Wikler included a link to an Associated Press story republished through PBS Wisconsin about how Kelly was paid by state and national Republicans to advise on election issues in 2020.  

During the final campaign finance reporting period between Feb. 7 and March 20, Protasiewicz raised more than five times as much money as Kelly. An article in Wisconsin Watch reported that Protasiewicz had “a lopsided advantage in direct donations.”

While the right indulged in sharing memes of Trump with red laser beams emitting from his eyes captioned “Retribution 2024”—the political equivalent of autoerotic asphyxiation—Democrats were focused on their ground game in Wisconsin. Their hard work paid off.  

Naturally, Trump’s minions took to social media to argue that Kelly lost because he was a terrible candidate who did not prostrate himself before the former president to beg for an endorsement. Trump himself glibly celebrated Kelly’s defeat in a Truth Social post, writing, “How foolish is a man that doesn’t seek an Endorsement that would have won him the Election?”

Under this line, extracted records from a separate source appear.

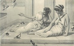 two girls sit on stone steps, pigeons around
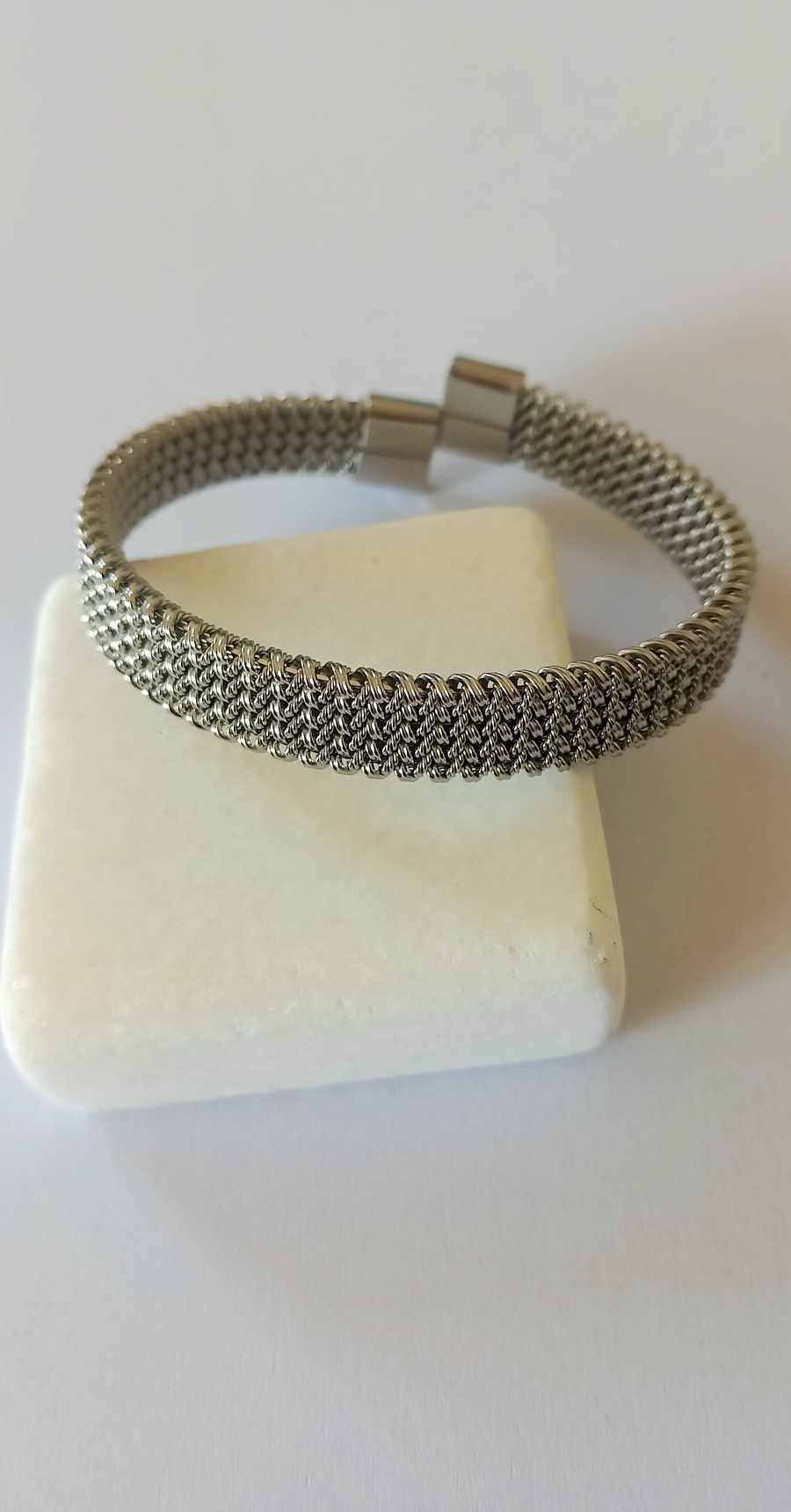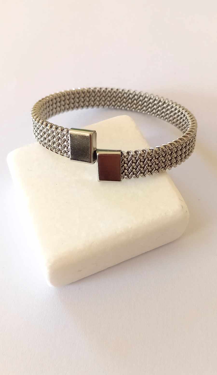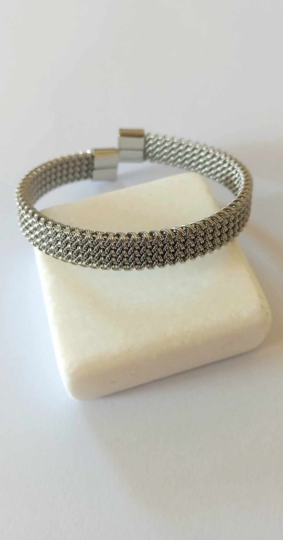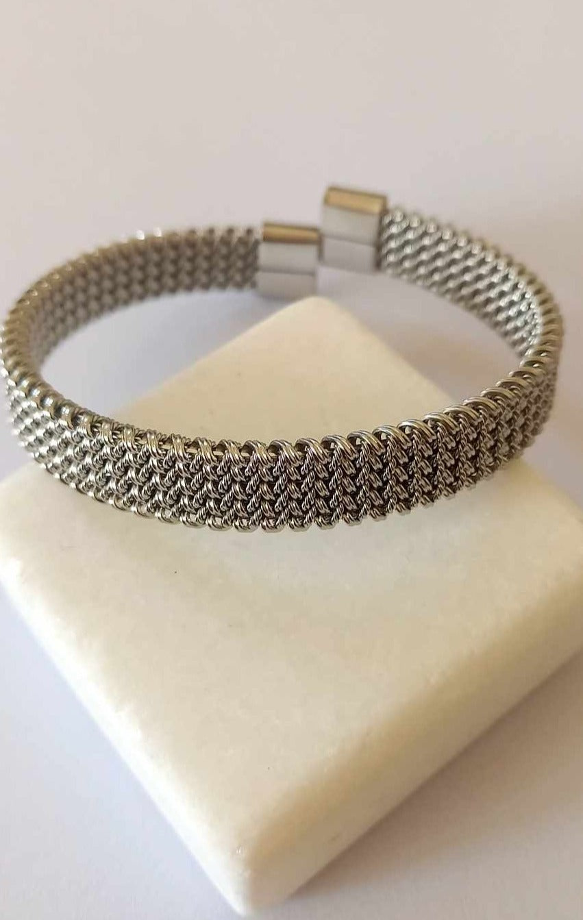 Κομψή χειροπέδα από ατσάλι σε ασημί χρώμα.
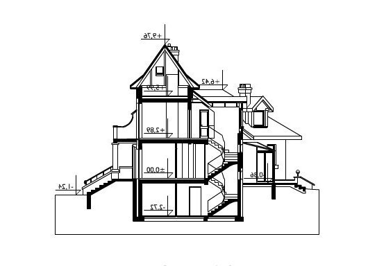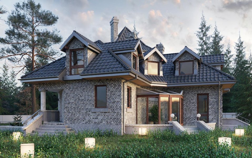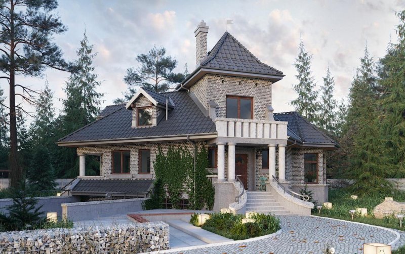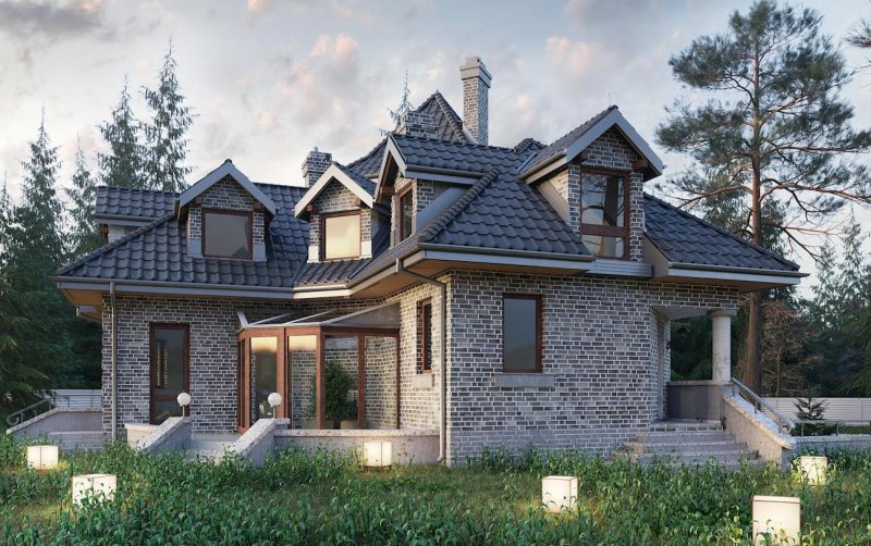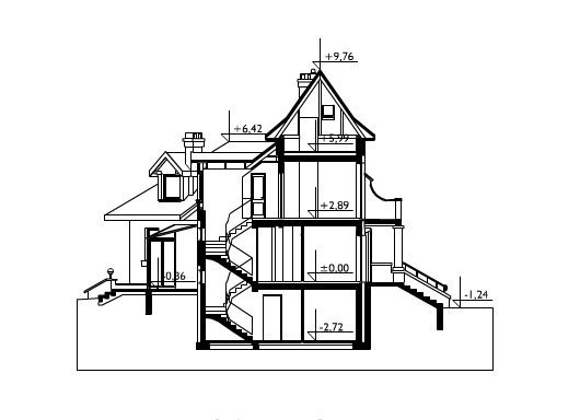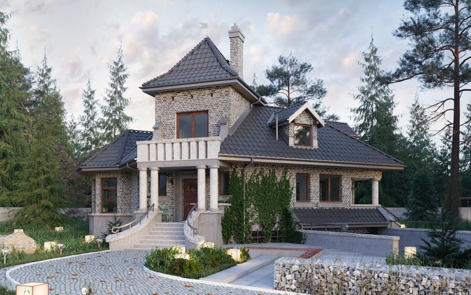 Wolno stojący dom jednorodzinny przeznaczony dla 4-6 osób. Na parterze zlokalizowano: pokój dzienny z jadalnią i kominkiem oraz przyległym do niego ogrodem zimowym, kuchnię, pokój dla dwóch osób oraz przynależną do niego garderobę i łazienkę, w.c., hol z klatką schodową oraz sień. Poddasze obejmuje dwa pokoje jednoosobowe, pokój dwuosobowy, łazienkę, przedpokój oraz niewielki schowek. W piwnicy przewidziano: garaż dla dwóch samochodów, dwa pomieszczenia gospodarcze, spiżarkę oraz korytarze. Dom na planie litery "L" z wyraźnie wyodrębnionymi z bryły piętrową wieżą oraz niewielkim ryzalitem mieszczącym jadalnię. Od strony ogrodu do budynku przylega ogród zimowy. Wejście z podcienia. Dach wielospadowy, o kątach nachylenia połaci 40°, z licznymi lukarnami. Dach wieży ma spadek 55°.
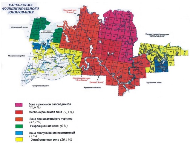 Особо охраняемая и заповедная зона образуют экологическое ядро территории. Общая их площадь должна составлять не менее 25% всей территории парка, а на территории НП «Башкирия» их сумма составляет 28,1%.
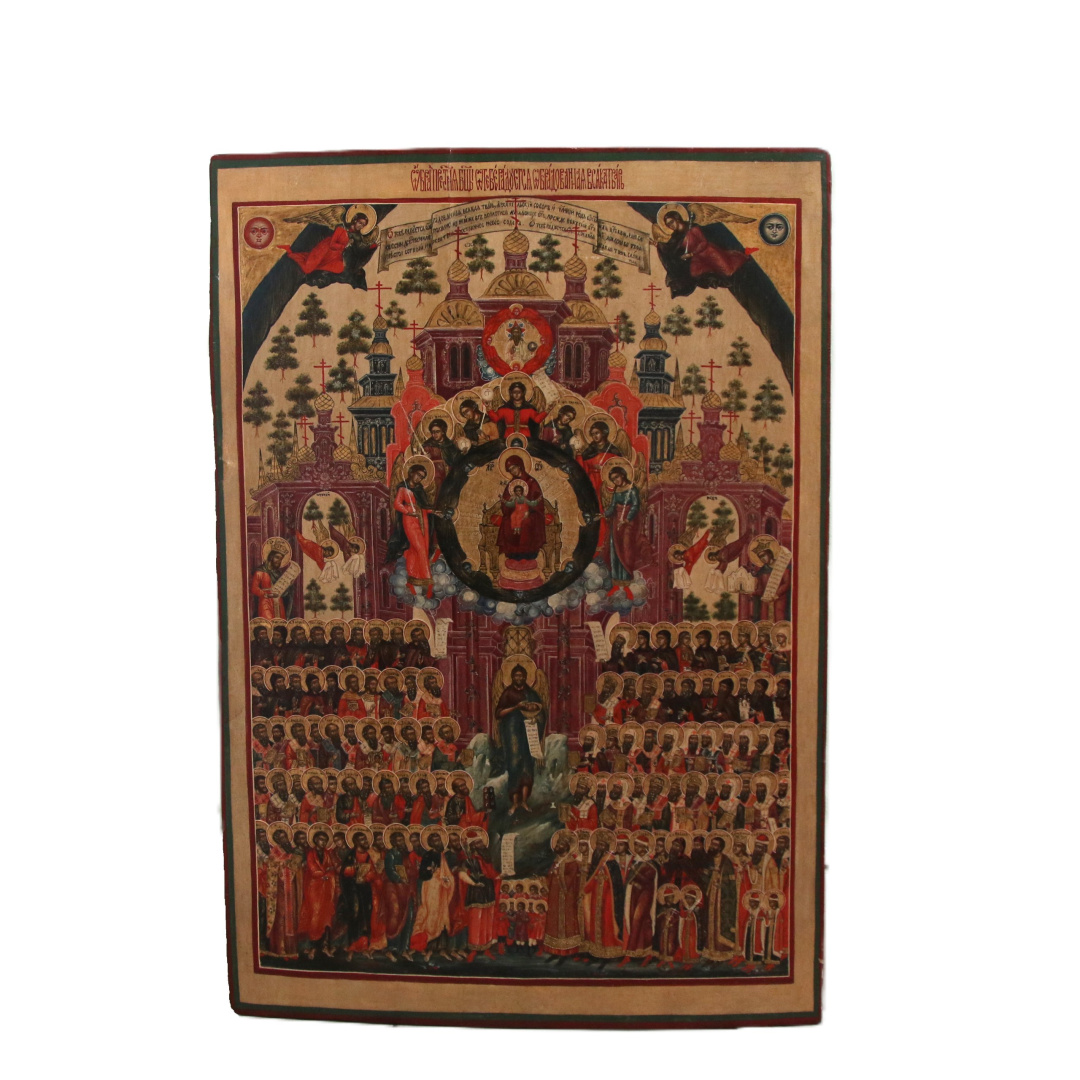 - Центральный образ Богоматери с Младенцем окружает ликующий собор ангелов и святых

Trump didn’t say anything about how this loss would affect conservatives in Wisconsin, the people he and the GOP claim to represent. Perhaps he isn’t intelligent enough to understand the ramifications of what just transpired. 

In reality, it was Kelly’s already-established association with Trump that contributed to his loss. Trump had endorsed Kelly in 2020 Wisconsin Supreme Court election, and Kelly had lost then, too, just as Trump had lost the state in the general election.

In audio recordings obtained by the Associated Press from a former Republican campaign operative, members of Trump’s campaign conceded Democrats had outworked them in Wisconsin during the 2020 election, beating them fair and square. They praised the turnout efforts of their victorious opponents and then resolved to blame widespread voter fraud for their loss.

“Here’s the drill: Comms is going to continue to fan the flame and get the word out about Democrats trying to steal this election,” said Andrew Iverson, who was the head of Trump’s campaign in the state. “We’ll do whatever they need (inaudible) help with. Just be on standby in case there’s any stunts we need to pull.”

In other words, Trump’s campaign deliberately lied to Republican voters about why he lost the state. They could get away with that because it was what Trump wanted to hear.

Barr is right: the Democrats want to face Trump in 2024. Not only because he’s likely to lose again, but because he deceives his own side. If Trump can’t be honest with his own people about why he lost and fix the mistakes, there is no reason to believe that 2024 will be different than 2020.